Pourquoi des personnalités politiques acceptent-elles alors tout cela ? Parce qu'elles n'ont pas le niveau, parce qu'elles sont opportunistes, parce qu'elles n'ont aucune substance culturelle ni idéologique.

Un exemple parlant de cela est l'attitude de Sophia Chikirou, directrice de la communication de campagne de Jean-Luc Mélenchon. Au tout début du débat, elle a fait une remarque sur twitter :

« #DebatTF1 ds les couloirs, ambiance désagréable.
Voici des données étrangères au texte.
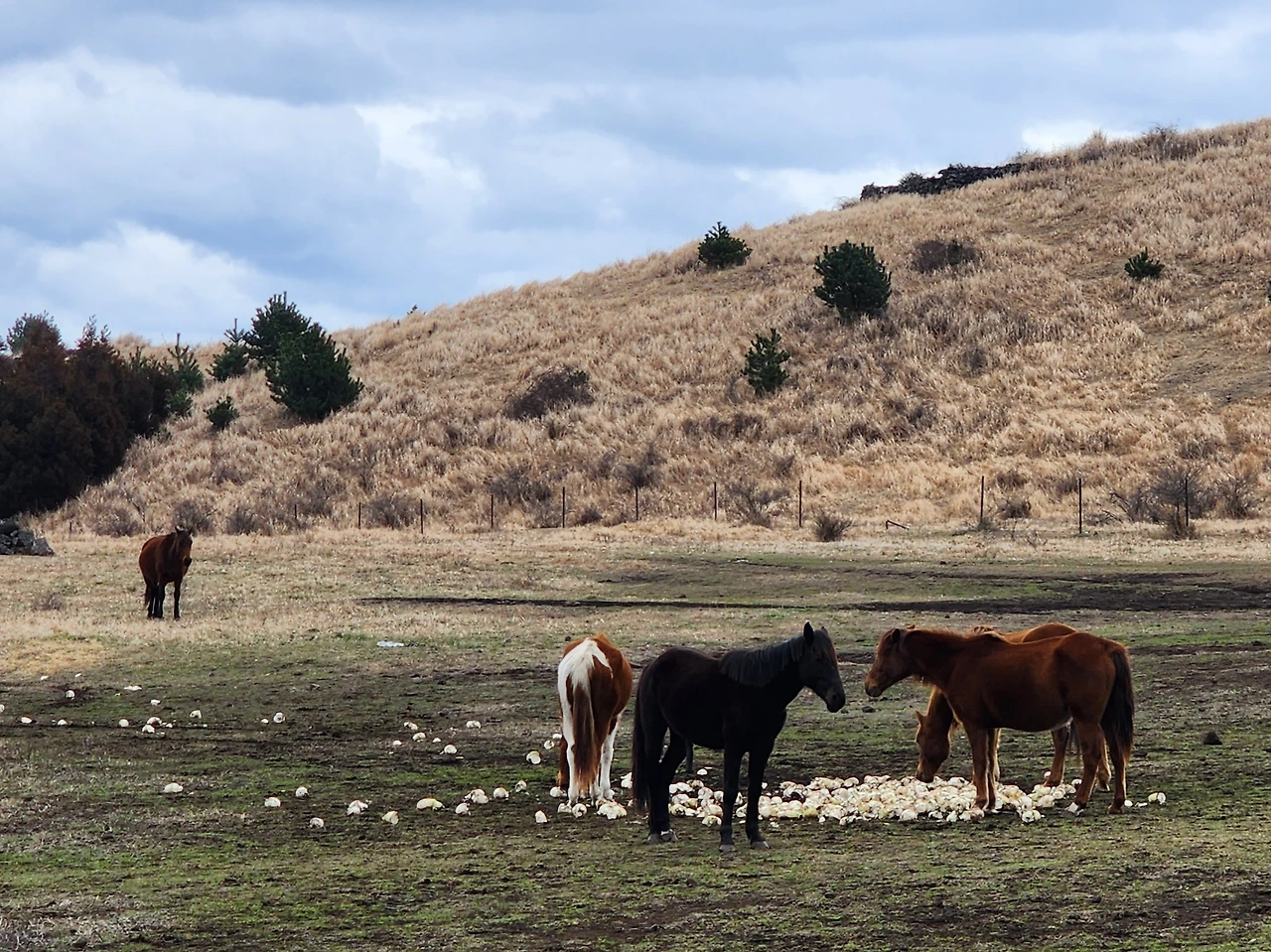 겨울이지만 우리처럼 용눈이오름을 찾아온 몇몇 탐방객들은 이내 발길을 돌렸다. 불과 한 달 뒤부터 탐방로가 다시 개방된다고 한다. 눈앞에서 첫사랑을 만날 기회가 날아간 것 같았다. 많이 아쉬운 마음에 우리는 입구를 한참이나 서성였다. 탐방로 울타리 너머에는 말들이 바람을 맞으며 무심하게 먹이를 먹고 있었다. 오름의 능선과 말을 번갈아가며 한참 동안 바라보다가 그냥 돌아왔다.
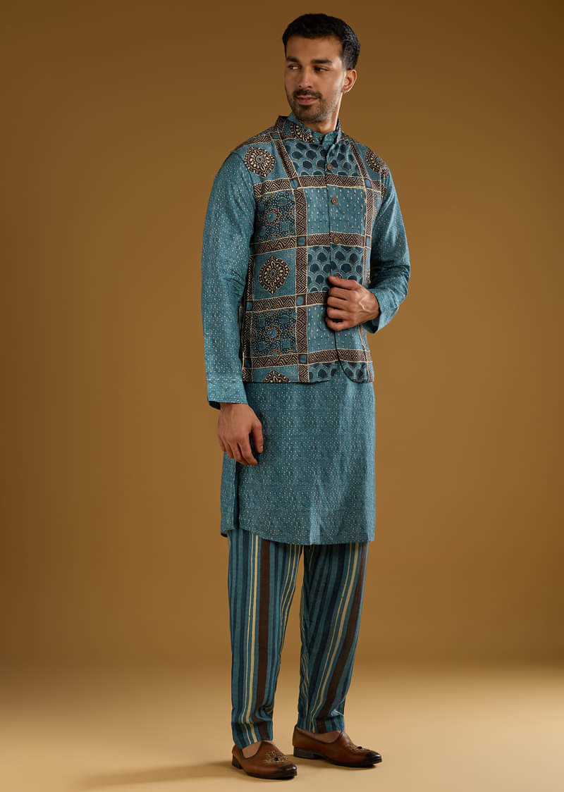 - Product Speciality : Craft meets pattern as this blue linen men’s kurta jacket set pairs a hand-block ajrakh jacket with leheriya print pants for subtle contrast. The mix feels rooted yet fresh in photos and in person. You look lively and well put together for festive, pooja, and mehendi moments. Awarded as the Most Trusted Brand, we're delivering styles you love, just as promised.

Equipe TF1 odieuse, commentaires triviaux, la politique réduite à 1 cirque. »

Lien vers le portail Elections 2017Si cela est juste, pourquoi participer ? Et pourquoi le dire sur twitter, qui impose une limitation de signes et oblige à des contorsions dans l'expression et dans le syntaxe ?

En vérité, toute la politique en France relève de la fiction, avec en tête Emmanuel Macron qui n'a jamais été élu, n'avance aucune opinion claire, mais est en tête des sondages parce qu'il « présente bien », ainsi que Marine Le Pen, qui parvient malgré sa position politique à l'extrême-droite à se présenter comme la personne en première ligne dans la défense du peuple.

Ce à quoi on a affaire ici est encore pire que l'apolitisme des années 2000 : c'est la dépolitisation.

Il est d'autant plus scandaleux que Benoît Hamon et Jean-Luc Mélenchon, qui représentaient la gauche, n'aient pas été à la hauteur, alors qu'ils avaient les moyens de frapper fort, très fort.

Jean-Luc Mélenchon est un tribun qui, à force de piller des concepts ici et là pour refourger sa ligne social-impérialiste, ne sait plus s'il doit assumer la gauche en général ou sa propre ligne social-impérialiste, ce qui l'amène à être lui-même : quelqu'un qui relève de des débats à l'ancienne, avec des bons mots, des chicaneries, la recherche de la phrase qui marque, etc.

Quant à Benoît Hamon, il n'a pas fait le poids pour une raison très simple : il vient de la tendance de Michel Rocard, des gestionnaires du centre-gauche ; ses valeurs sont post-modernes et par conséquent il n'a strictement aucun fond idéologique, aucune tradition intellectuelle liée au mouvement ouvrier.

Ce fut donc un boulevard à un Emmanuel Macron qui parle très bien, à un François Fillon qui sait être lisse, à une Marine Le Pen qui sait être véhémente.

Ce débat n'aura donc pas freiné la vaste droitisation du pays, ajoutant par conséquent aux difficultés à venir. Il a participé à la dévaluation des principes de démocratie, qu'il s'agit toujours plus d'assumer, dans le sens de la démocratie populaire, contre le fascisme marchant à grands pas.